> [TASK TO COMPLETE] Return exactly the lines of the records below, starting at the line that contains "カスタムエディション VSR / チタンカラーテール" and ending at the line that contains "autonómico de Madrid.", with both of those lines kept.

[Collection entries]
━━━━━━━━━━━━━━━━━━━━
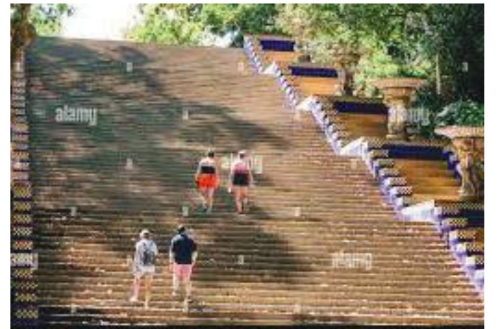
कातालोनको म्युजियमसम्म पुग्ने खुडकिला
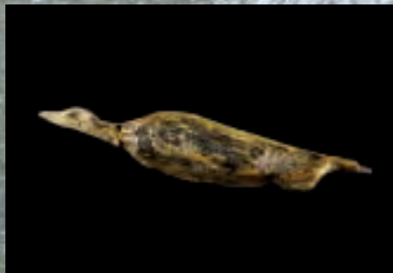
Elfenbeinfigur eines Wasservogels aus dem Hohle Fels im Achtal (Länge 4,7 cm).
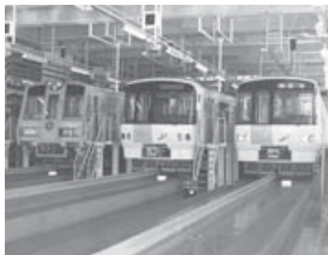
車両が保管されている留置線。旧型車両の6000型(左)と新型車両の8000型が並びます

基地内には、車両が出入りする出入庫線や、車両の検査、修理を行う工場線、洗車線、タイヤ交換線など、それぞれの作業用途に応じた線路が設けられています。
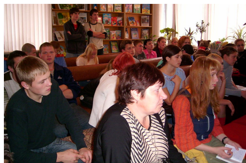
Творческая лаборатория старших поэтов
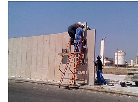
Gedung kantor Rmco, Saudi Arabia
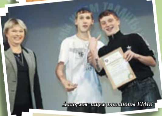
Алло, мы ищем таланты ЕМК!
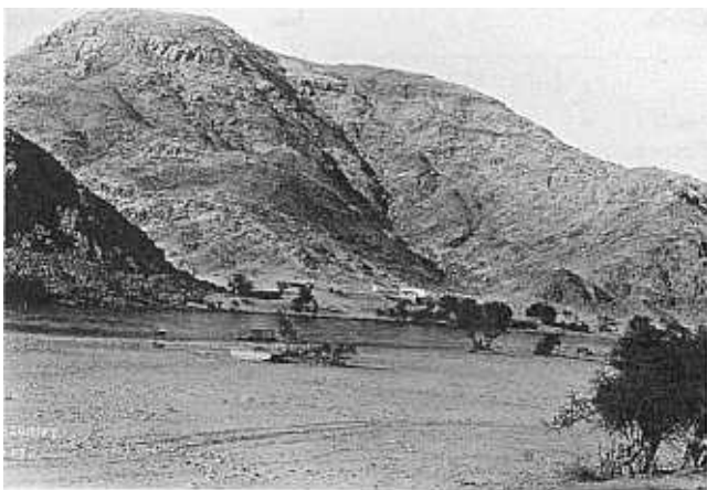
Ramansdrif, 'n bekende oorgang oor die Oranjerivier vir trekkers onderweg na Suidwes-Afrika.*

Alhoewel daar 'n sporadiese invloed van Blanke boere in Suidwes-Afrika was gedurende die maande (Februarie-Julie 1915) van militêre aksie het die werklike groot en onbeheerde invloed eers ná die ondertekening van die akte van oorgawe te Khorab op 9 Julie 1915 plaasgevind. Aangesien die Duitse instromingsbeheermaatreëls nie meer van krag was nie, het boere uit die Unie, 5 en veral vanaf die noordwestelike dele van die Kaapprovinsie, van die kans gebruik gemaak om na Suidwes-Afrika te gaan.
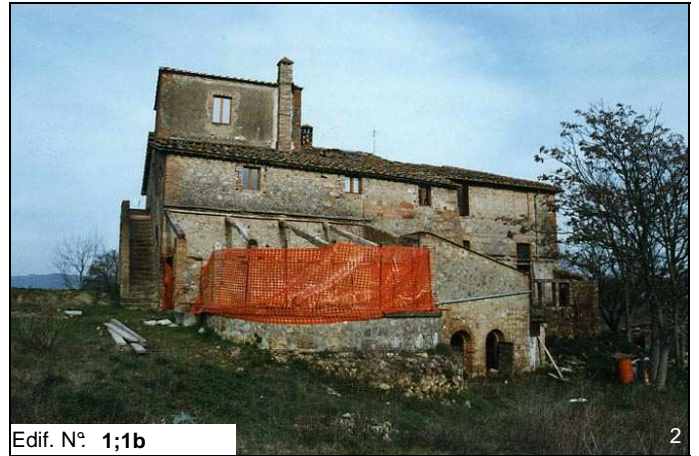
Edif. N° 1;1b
━━━━━━━━━━━━━━━━━━━━
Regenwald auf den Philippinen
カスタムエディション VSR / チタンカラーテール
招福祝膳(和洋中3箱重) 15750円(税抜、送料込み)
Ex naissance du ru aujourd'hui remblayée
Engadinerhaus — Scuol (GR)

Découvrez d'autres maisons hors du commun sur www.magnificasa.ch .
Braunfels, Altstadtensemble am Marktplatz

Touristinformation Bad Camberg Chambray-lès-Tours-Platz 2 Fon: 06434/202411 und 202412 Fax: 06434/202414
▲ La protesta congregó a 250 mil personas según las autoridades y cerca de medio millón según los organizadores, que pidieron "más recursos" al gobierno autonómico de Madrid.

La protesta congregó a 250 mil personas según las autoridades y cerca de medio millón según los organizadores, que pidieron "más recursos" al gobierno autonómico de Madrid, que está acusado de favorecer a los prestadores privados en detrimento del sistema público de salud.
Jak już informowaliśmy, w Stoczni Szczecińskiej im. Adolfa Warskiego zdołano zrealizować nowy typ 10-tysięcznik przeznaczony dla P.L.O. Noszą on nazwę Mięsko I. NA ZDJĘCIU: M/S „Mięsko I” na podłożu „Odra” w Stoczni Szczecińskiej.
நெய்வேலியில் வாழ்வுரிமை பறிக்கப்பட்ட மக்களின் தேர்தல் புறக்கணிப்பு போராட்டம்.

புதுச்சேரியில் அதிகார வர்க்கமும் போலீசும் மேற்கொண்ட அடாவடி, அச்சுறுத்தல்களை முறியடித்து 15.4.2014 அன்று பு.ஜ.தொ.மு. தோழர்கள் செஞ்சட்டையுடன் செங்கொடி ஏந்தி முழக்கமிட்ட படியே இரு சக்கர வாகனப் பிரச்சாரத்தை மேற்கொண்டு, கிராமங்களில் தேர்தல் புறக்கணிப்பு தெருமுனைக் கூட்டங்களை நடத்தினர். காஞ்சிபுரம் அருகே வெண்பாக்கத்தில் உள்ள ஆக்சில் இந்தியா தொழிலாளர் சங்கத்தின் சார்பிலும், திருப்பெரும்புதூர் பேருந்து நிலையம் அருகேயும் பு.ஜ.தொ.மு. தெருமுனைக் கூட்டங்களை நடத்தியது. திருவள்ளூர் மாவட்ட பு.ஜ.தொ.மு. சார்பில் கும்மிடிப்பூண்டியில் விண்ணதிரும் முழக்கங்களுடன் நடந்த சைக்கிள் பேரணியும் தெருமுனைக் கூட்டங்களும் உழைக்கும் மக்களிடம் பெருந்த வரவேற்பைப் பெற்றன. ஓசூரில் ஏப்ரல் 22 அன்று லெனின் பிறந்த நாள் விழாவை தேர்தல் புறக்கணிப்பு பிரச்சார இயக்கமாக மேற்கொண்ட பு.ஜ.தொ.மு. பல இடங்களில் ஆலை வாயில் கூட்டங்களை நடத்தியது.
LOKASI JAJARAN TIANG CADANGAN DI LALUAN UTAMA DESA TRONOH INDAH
━━━━━━━━━━━━━━━━━━━━
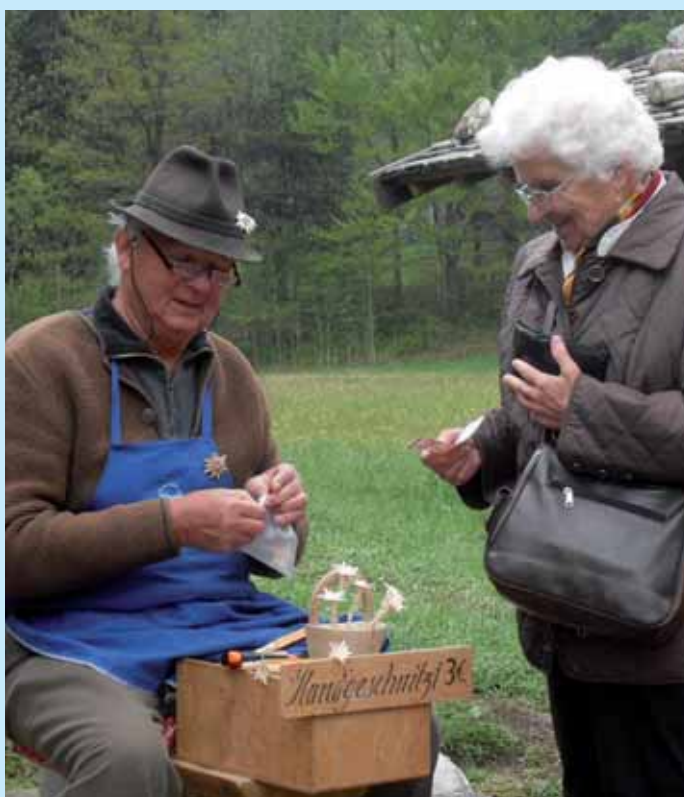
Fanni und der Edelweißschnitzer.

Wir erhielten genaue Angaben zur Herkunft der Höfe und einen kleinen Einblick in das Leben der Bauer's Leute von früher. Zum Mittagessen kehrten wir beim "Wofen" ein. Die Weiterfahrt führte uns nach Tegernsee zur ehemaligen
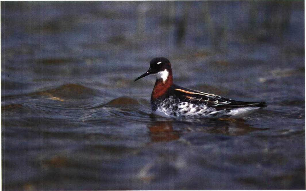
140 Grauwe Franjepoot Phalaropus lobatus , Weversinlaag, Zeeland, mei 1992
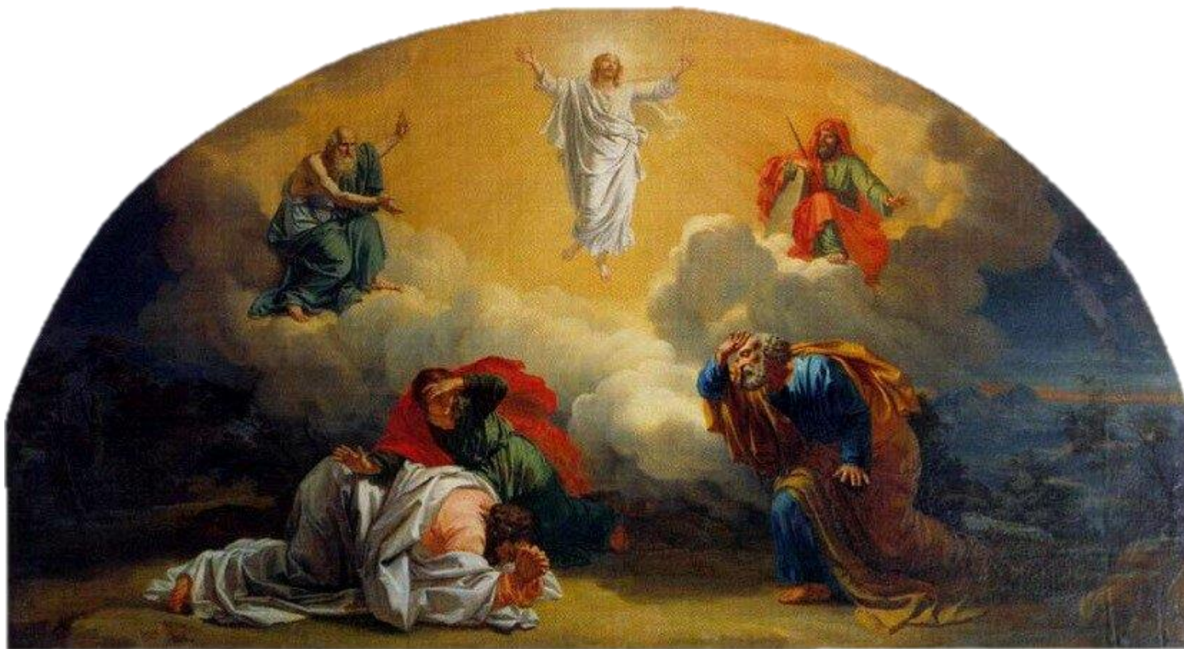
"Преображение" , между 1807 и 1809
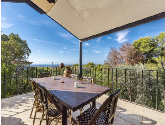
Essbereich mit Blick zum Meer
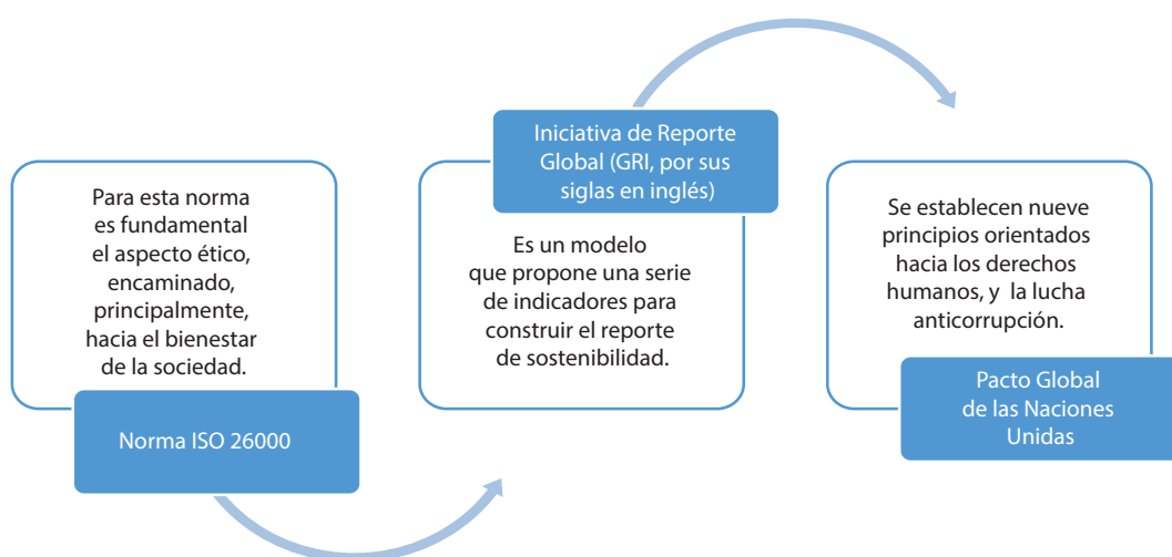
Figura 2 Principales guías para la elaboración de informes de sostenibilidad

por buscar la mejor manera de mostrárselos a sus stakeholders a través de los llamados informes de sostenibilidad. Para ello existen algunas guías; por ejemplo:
━━━━━━━━━━━━━━━━━━━━
> [RESPONSE FOR THIS EXERCISE]
カスタムエディション VSR / チタンカラーテール
招福祝膳(和洋中3箱重) 15750円(税抜、送料込み)
Ex naissance du ru aujourd'hui remblayée
Engadinerhaus — Scuol (GR)

Découvrez d'autres maisons hors du commun sur www.magnificasa.ch .
Braunfels, Altstadtensemble am Marktplatz

Touristinformation Bad Camberg Chambray-lès-Tours-Platz 2 Fon: 06434/202411 und 202412 Fax: 06434/202414
▲ La protesta congregó a 250 mil personas según las autoridades y cerca de medio millón según los organizadores, que pidieron "más recursos" al gobierno autonómico de Madrid.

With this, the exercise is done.